Your abstraction isn't wrong, it's just really bad

[-]johnswentworth6y110

There is a major difference between programming and math/science with respect to abstraction: in programming, we don't just get to choose the abstraction, we get to design the system to match that abstraction. In math and the sciences, we don't get to choose the structure of the underlying system; the only choice we have is in how to model it.

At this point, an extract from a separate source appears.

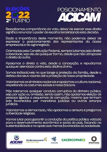 A Acicam divulgou neste sábado seu "posicionamento" com relação ao segundo turno da eleição presidencial. O texto também é assinado por Sindiempresarial, Codecam, Cacercopar e Sindicato Rural de Campo Mourão. O documento não cita nomes de candidatos, apenas traz "princípios" que as entidades defendem. Agora, repare na logomarca das eleições que foi usada...
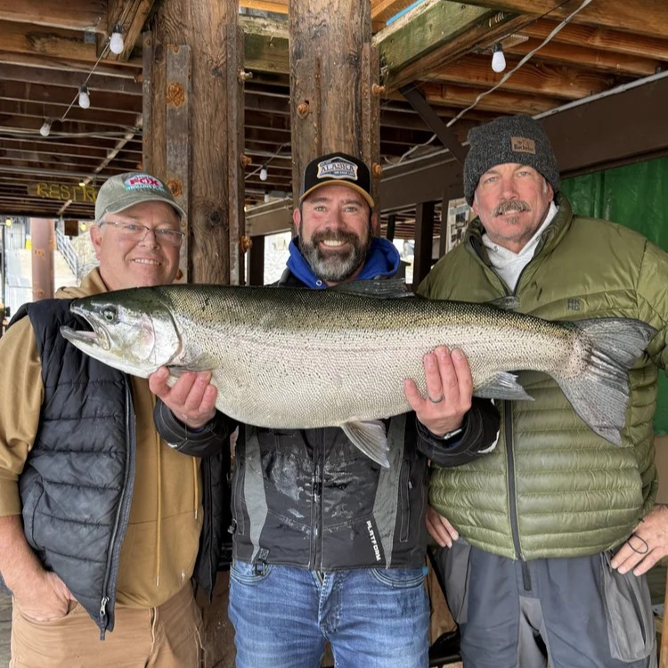 Kirk Jjeltness, Craig O’Neal and Tim McIntosh, the Derby team for the LPOIC Thanksgiving Derby.. Fish was landed 2:30 pm on the final day.

Given a fundamental difference that large, we should expect that many intuitions about abstraction-quality in programming will not generalize to math and the sciences, and I think that is the case for the core argument of this post.

The main issue is that reality has structure (especially causal structure), and we don't get to choose that structure. In programming, abstraction is a social convenience to a much greater extent; we can design the systems to match the chosen abstractions. But if we choose a poor abstraction in e.g. physics or biology, we will find that we need to carry around tons of data in order to make accurate predictions. For instance, the abstraction of a "cell" in biology is useful mainly because the inside of the cell is largely isolated from the outside; interaction between the two takes place only through a relatively small number of defined chemical/physical channels. It's like a physical embodiment of function scope; we can make predictions about outside-the-cell behavior without having to track all the details of what happens inside the cell.

To draw a proper analogy between abstraction-choice in biology and programming: imagine that you were performing reverse compilation. You take in assembly code, and attempt to provide equivalent, maximally-human-readable code in some other language. That's basically the right analogy for abstraction-choice in biology.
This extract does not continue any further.